Out of the development budget, Sh255 billion went to the semi autonomous government agencies while another Sh65.2 billion went towards construction and civil works. Another Sh44.5 billion went towards refurbishing of buildings and infrastructure, states the report.

The report, however,  reports that during the period under review, development expenditure registered some growth while recurrent expenditure declined compared to the same period in the previous financial year, an indication that the government was determined to break the cycle and allocate more resources to development activities.

“However, development expenditure recorded growth in absolute amounts (Kshs.463.6 billion), compared to Kshs.395.3 billion recorded in a similar period financial year 2019/20 signifying the government’s efforts to focus on development activities,” observes the CoB.

The report, however,  points out several factors that hampered the effective implementation of the budget during the first nine months of the financial year.

It noted delays by some MDAs to submit quarterly financial reports to the CoB and the adverse effects visited upon the economy following the outbreak of the Coronavirus disease in March this year.
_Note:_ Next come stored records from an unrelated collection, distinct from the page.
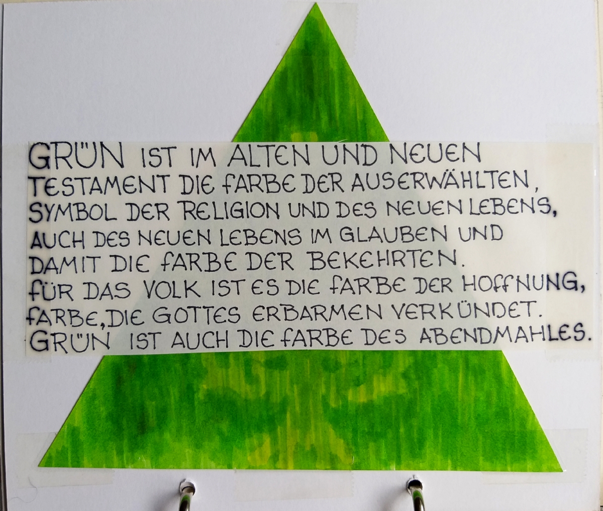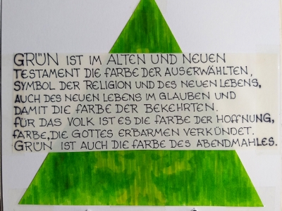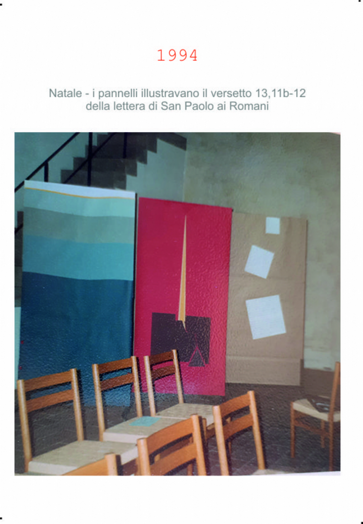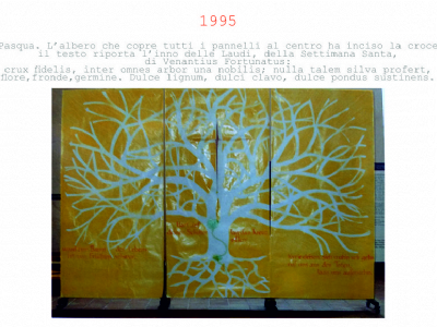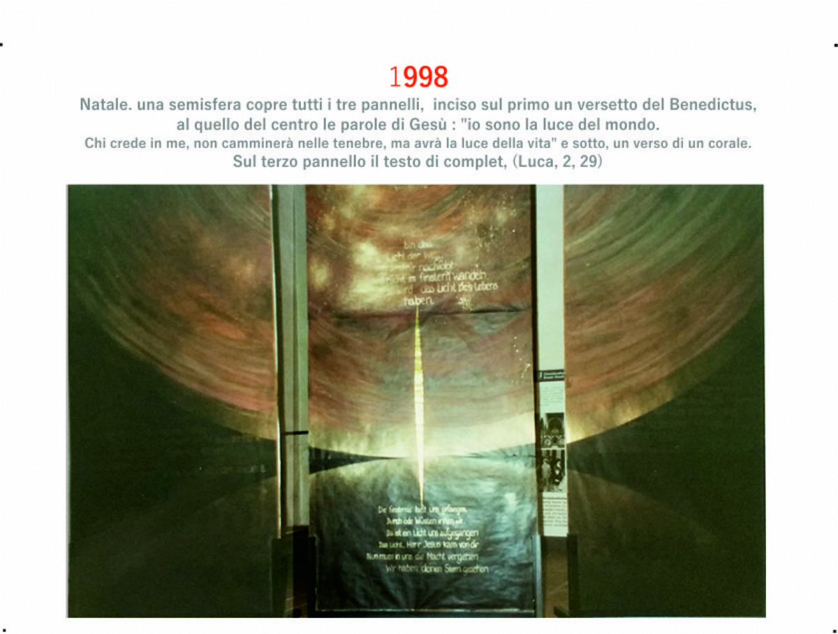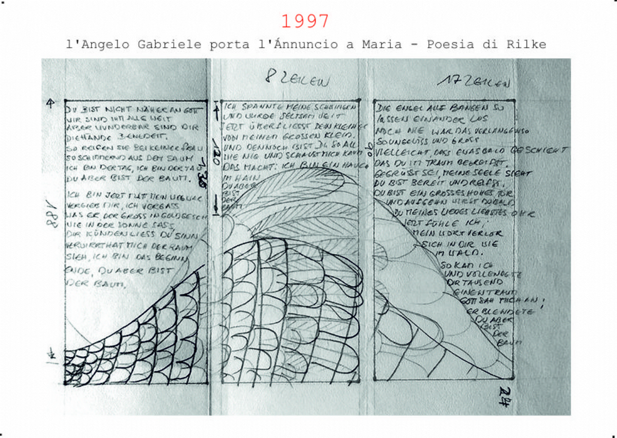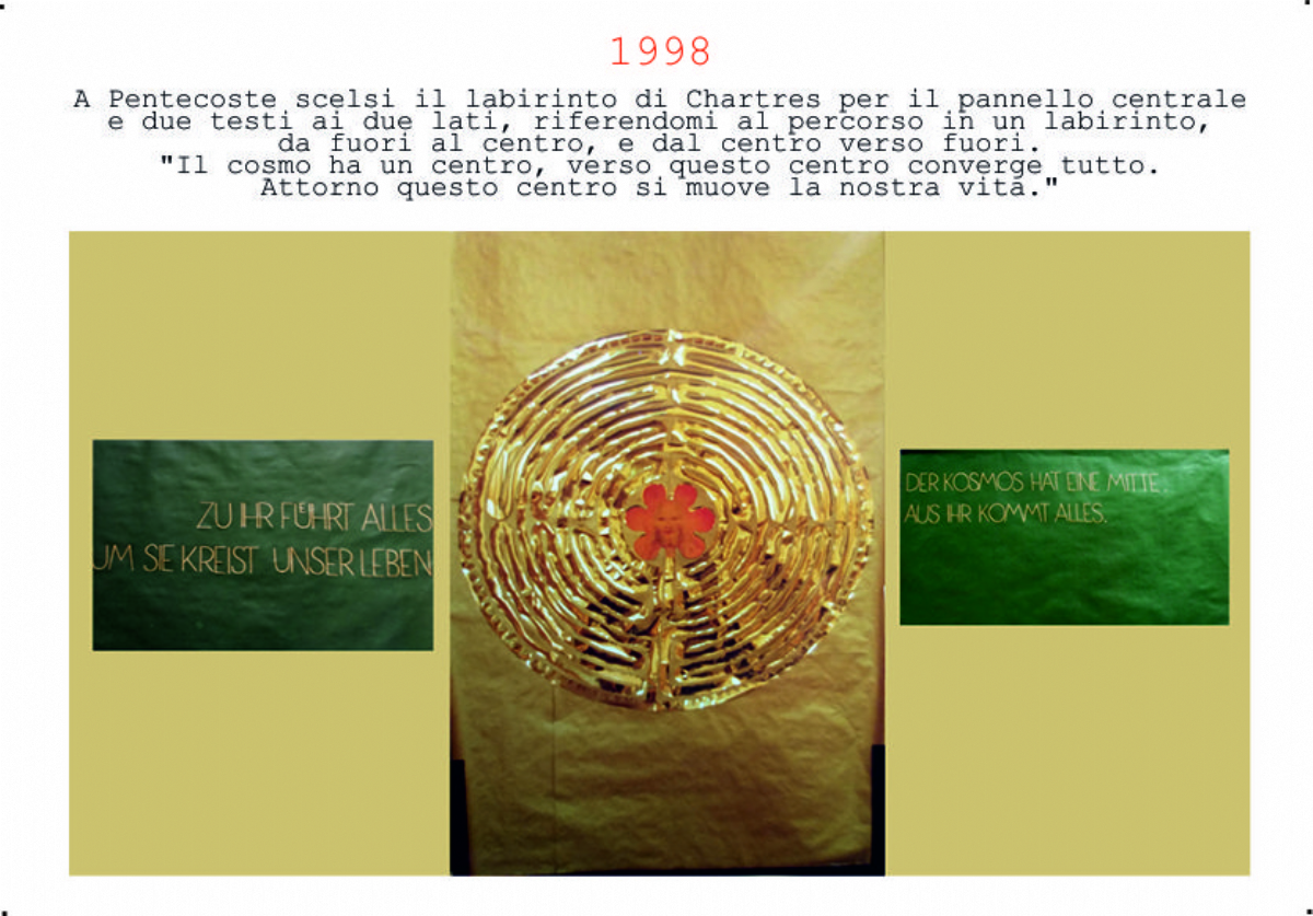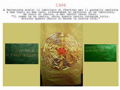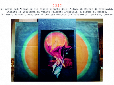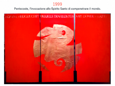 Accompagnai un gruppo di amici del nostro parroco di Basilea attraverso la Sicilia, e, al ritorno, sul traghetto che porta da Messina a San Giovanni, Fritz-René Müller mi chiese se volevo occuparmi dei tre grandi pannelli che erano posizionati all'ingresso della Predigerkirche. Originariamente erano destinati ad accogliere gli annunci, ma spesso erano abbandonati. Mi promise di darmi una mano, di indicarmi la tematica. Dopo un poco di tentennamenti mi lanciai in questa impresa,e per diversi anni, fino al momento quando Fritz-René Müller diventò vescovo, assolvevo questo compito con entusiasmo.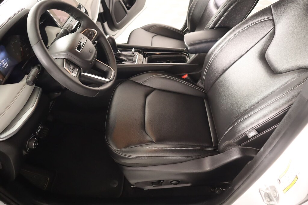 Clean Carfax, One Owner, Bluetooth, Leather, Apple CarPlay, Android Auto, Back Up Camera, Compass Limited, 4D Sport Utility, 2.0L I4 DOHC, 8-Speed Automatic, 4WD, Bright White Clearcoat, Black Artificial Leather, 10.1" Touchscreen Display, 3.73 Final Drive Ratio, 4-Wheel Disc Brakes, 6 Speakers, ABS brakes, Air Conditioning, Alloy wheels, AM/FM radio: SiriusXM, Apple CarPlay/Android Auto, Auto High-beam Headlights, Auto-dimming Rear-View mirror, Automatic temperature control, Brake assist, Bumpers: body-color, Compass, Delay-off headlights, Driver door bin, Driver vanity mirror, Dual front impact airbags, Dual front side impact airbags, Electronic Stability Control, Emergency communication system: Jeep Connect, Four wheel independent suspension, Front anti-roll bar, Front Bucket Seats, Front Center Armrest w/Storage, Front dual zone A/C, Front fog lights, Front License Plate Bracket, Front reading lights, Fully automatic headlights, Heated door mirrors, Heated front seats, Illuminated entry, Knee airbag, Leather Shift Knob, Leather steering wheel, Leatherette Seats, Low tire pressure warning, Occupant sensing airbag, Outside temperature display, Overhead airbag, Overhead console, Panic alarm, ParkView Rear Back-Up Camera, Passenger door bin, Passenger vanity mirror, Power door mirrors, Power driver seat, Power steering, Power windows, Premium audio system: UConnect 5, Quick Order Package 29G, Radio: Uconnect 5 w/10.1" Display, Rain sensing wipers, Rear anti-roll bar, Rear seat center armrest, Rear window defroster, Rear window wiper, Remote keyless entry, Security system, Speed control, Split folding rear seat, Spoiler, Steering wheel mounted audio controls, Tachometer, Telescoping steering wheel, Tilt steering wheel, Traction control, Trip computer, Turn signal indicator mirrors, Variably intermittent wipers, Wheels: 18" x 7" Painted Diamond Cut Alum (DISC).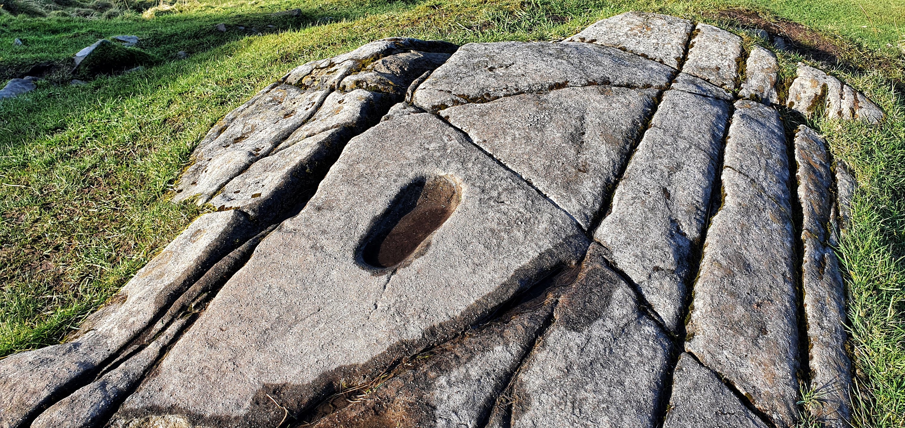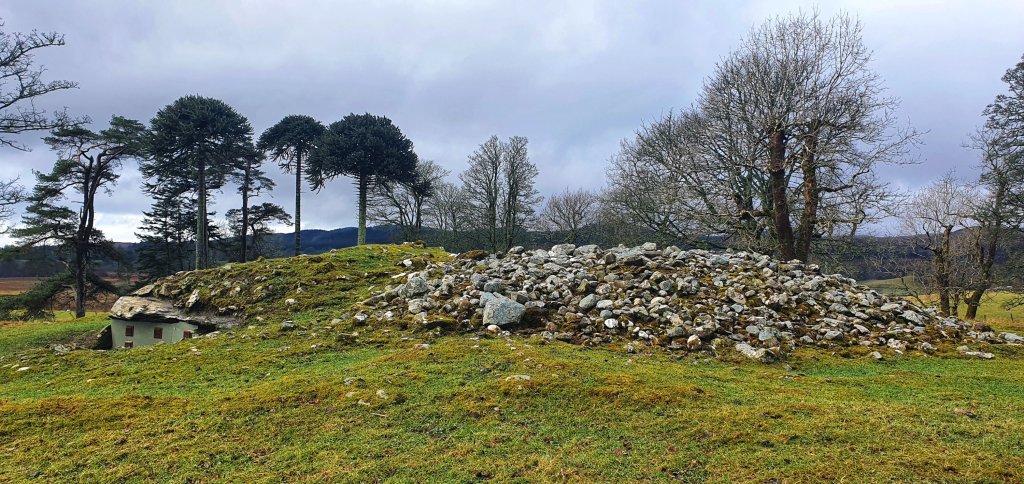Surrounded by trees, this large cairn was built in the early Bronze Age, about 4000 years ago. When it was excavated in 1864, three stone lined graves or cists were discovered. The most unusual of these cists is the one covered by a massive capstone. It contained the remains of up to ten people, along with a whetstone, a greenstone axe and a flint knife.
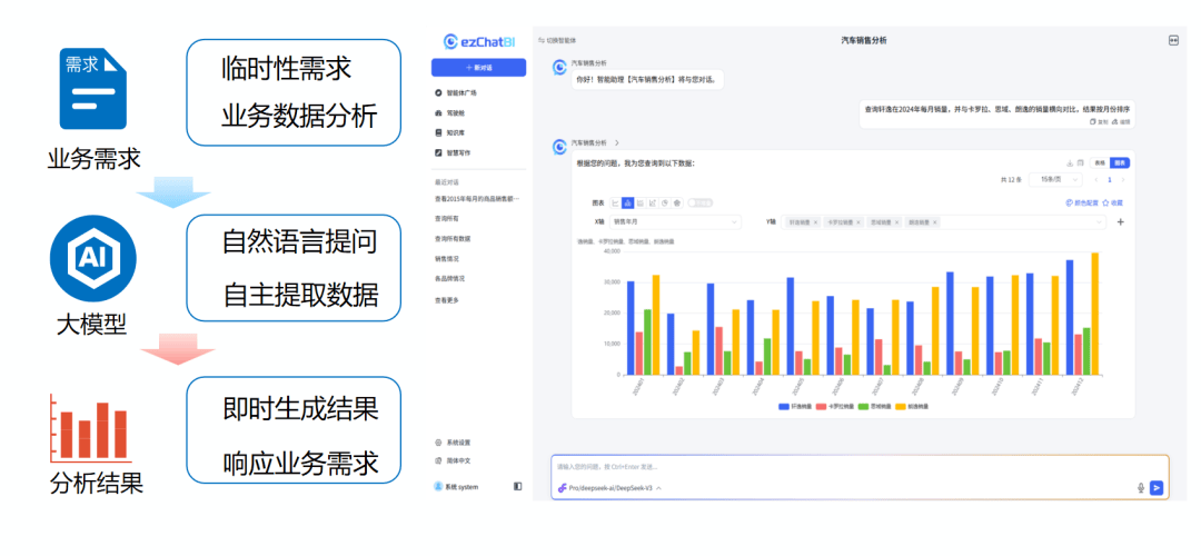 新版本内置了轻量化AI模型,能够自动识别数据结构,智能解析Excel/CSV文件,彻底改变了传统繁琐的手动配置流程。系统采用智能体协同架构,集成DeepSeek、Qwen等主流大模型,实现了从意图理解、任务规划与调度的全流程自动化。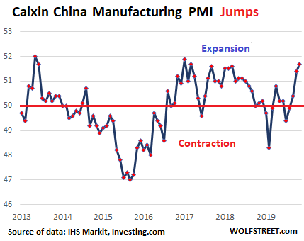 But whiplash. The private-sector Caixin China General Manufacturing PMI showed accelerated growth (51.7), the third month in a row of growth, and the fastest growth since February 2017. Production rose. New orders grew at the fastest rate in over six years as domestic demand grew “solidly,” and new export orders bounced back into growth mode for the first time in five months. And yet, “staffing levels declined further, with the rate of job shedding quickening since September”: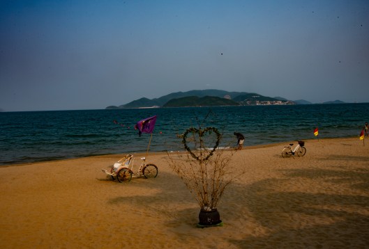 Nha Trang has a very pretty beach which the locals embellish with found art projects. Across the water is an expensive resort that features a large ferris wheel.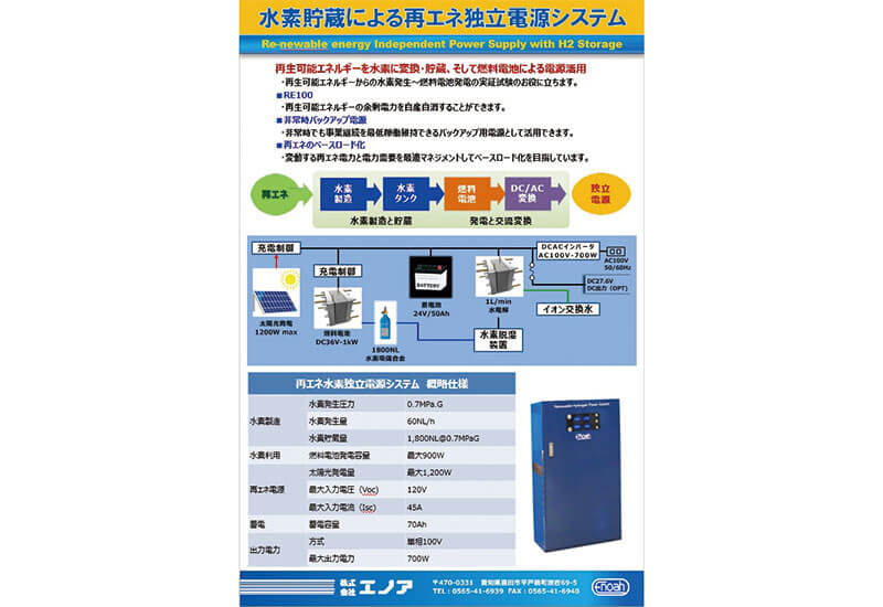 再生可能エネルギーを水素に変換して貯蔵、必要に応じて燃料電池を発電することで緊急時のバックアップ電源として使用できます。 また水電解による水素発生と燃料電池の実証試験にも役立ちます。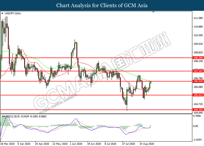 USDJPY, Daily: USDJPY was traded higher while currently testing the resistance level at 106.55. MACD which illustrated increasing bullish momentum suggest the pair to extend its gains after it successfully breakout above the resistance level.
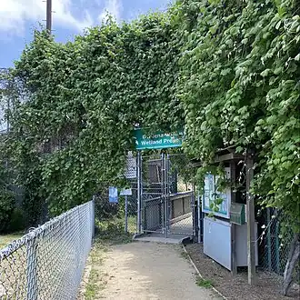 The upland area which surrounds the wetland includes the Perimeter Trail, about 3⁄4 mile (1.2 km) long, from which the public can view the upland, wetlands and wildlife. From the Trail, the public can access the Overlook Deck and ZigZag Bridge, both of which afford closer views, without disturbing wildlife. This basic infrastructure was built around 2001.[1]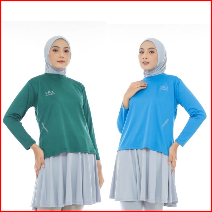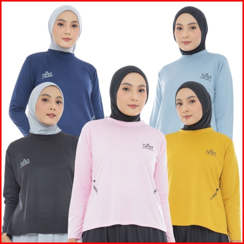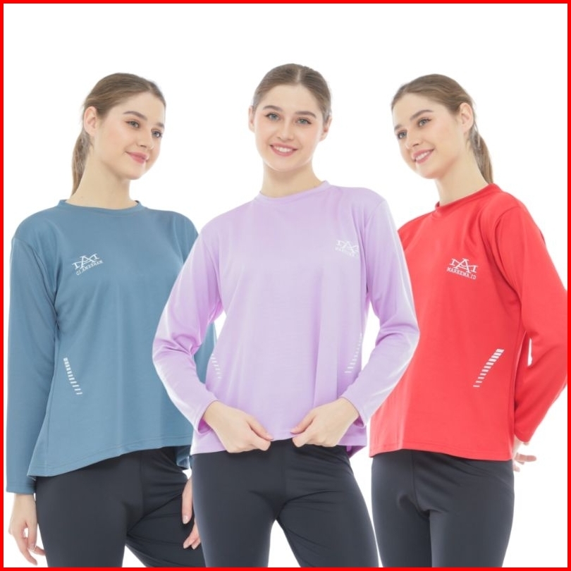 Atasan Baju Olahraga Wanita Lengan Panjang Kaos Dryfit Muslimah Lari Gym Bulutangkis Bersepeda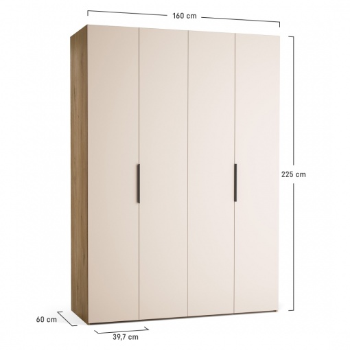 • Ширина мебели 160 см. В коллекцию также входят более узкие модели шкафов шириной 125 см и 140 см, а также более широкие модели шириной 175 см и 200 см. Их можно комбинировать друг с другом, создавая просторные помещения для хранения.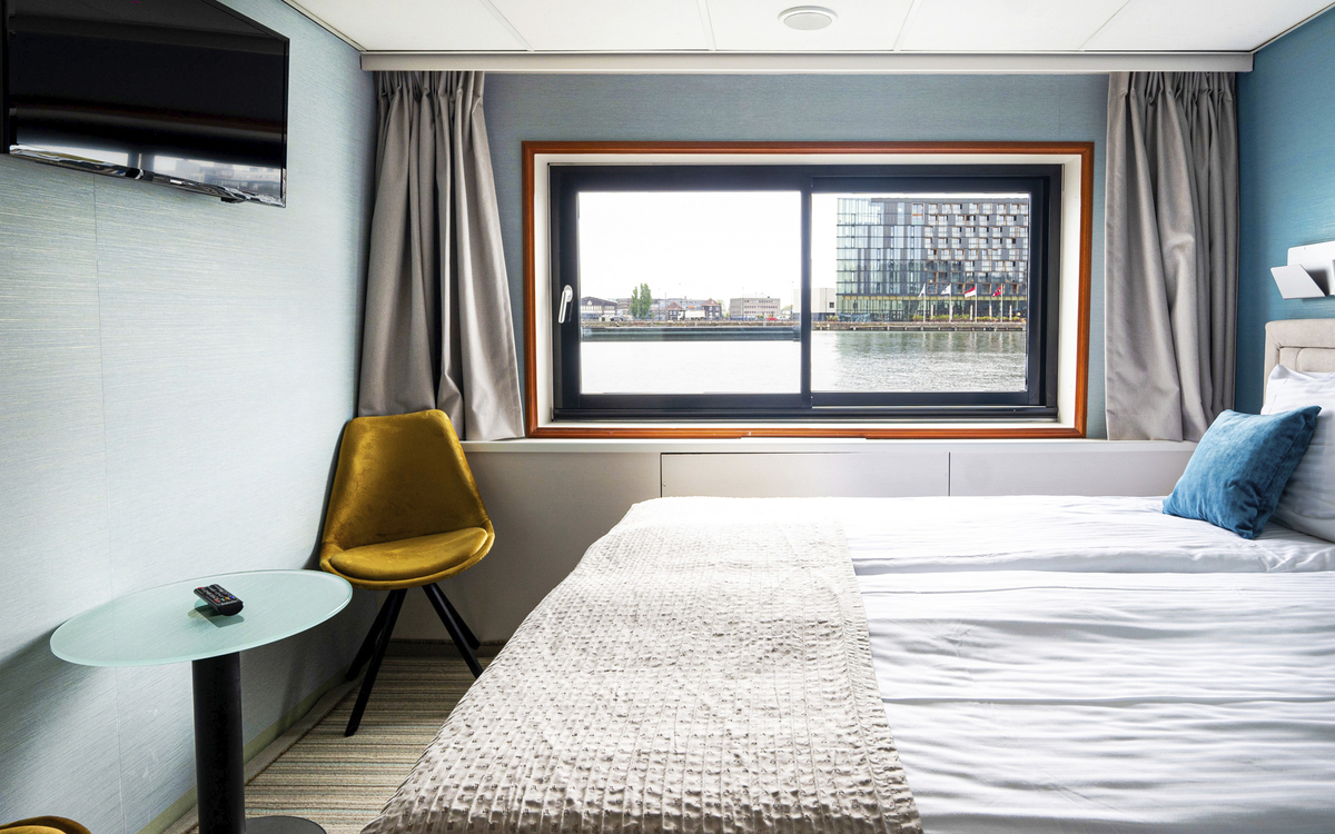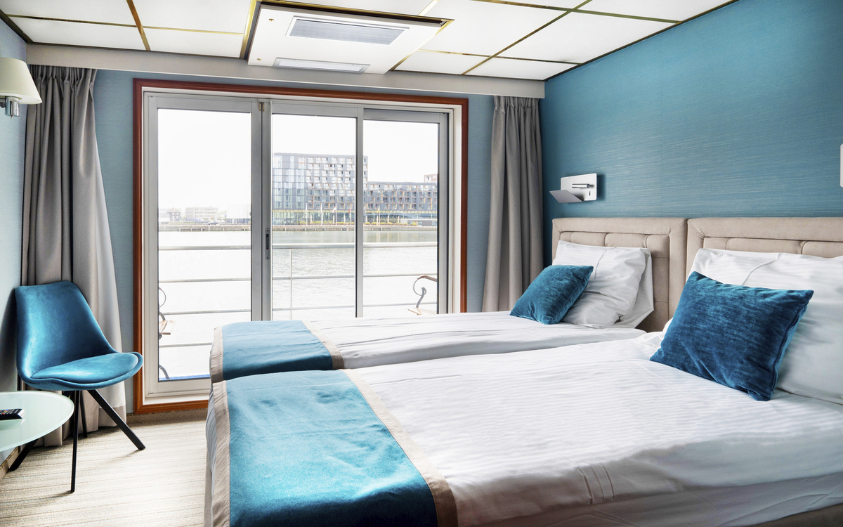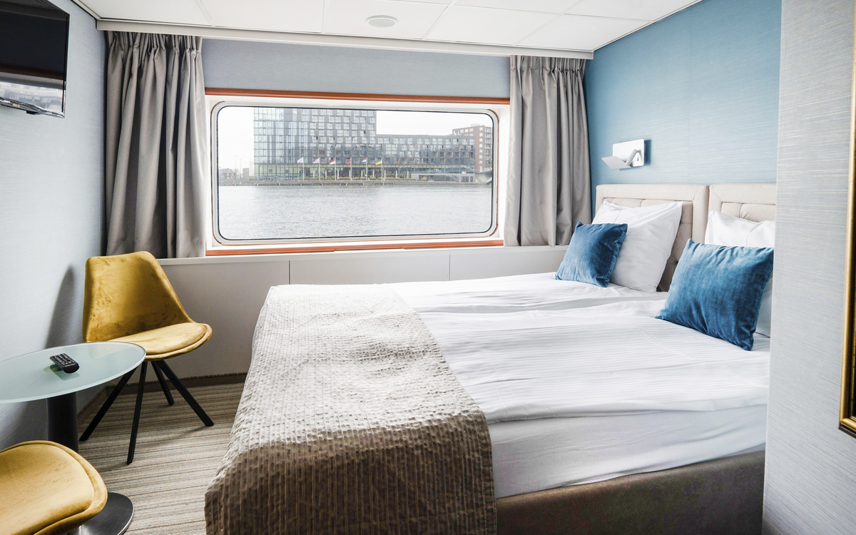 Die 15 m² großen, komfortablen Kabinen sind außenliegend und mit Dusche/WC, TV, Klimaanlage (individuell regulierbar), Telefon, Safe und Haartrockner ausgestattet. Die Fenster in den Kabinen auf dem Hauptdeck und Mitteldeck Standard sind nicht zu öffnen. Die Kabinen auf dem Mitteldeck Superior verfügen über Panoramafenster zum Öffnen, die Kabinen auf dem Oberdeck verfügen über einen kleinen Balkon. Alle Kabinen sind mit Doppelbetten ausgestattet, die auch getrennt gestellt werden können.

Government ministries also failed to report on programme and project achievements to the CoB, the report adds. 

The CoB directed government accounting officers to ensure expenditure reports are submitted not later than 15 days after the end of each quarter of the financial year to eliminate such delays going forward. “Regarding the economic effects occasioned by the Covid-19 disease, there is need for development of a framework for continuous monitoring of the economy by the respective institutions and to address emerging issues by government,” the CoB advises.

The CoB further advises government accounting officers to ensure that the reports submitted contain sufficient information on achievements of programmes and projects as outlined in the Programme Based Budget framework.

The CoB notes that the Covid-19 pandemic while being primarily a health crisis with far reaching economic ramifications, the responses instituted to control its spread have disrupted millions of livelihoods with disproportionate impact on poor households and small and informal businesses. 

Nyakang’o warns that the pace of this disruption is likely to accelerate in the months ahead.

“Given the disruptions occasioned by the decisive actions taken by government to contain spread of the Covid-19 disease, it is clear that the measures will impact on all sectors of the economy,” she states.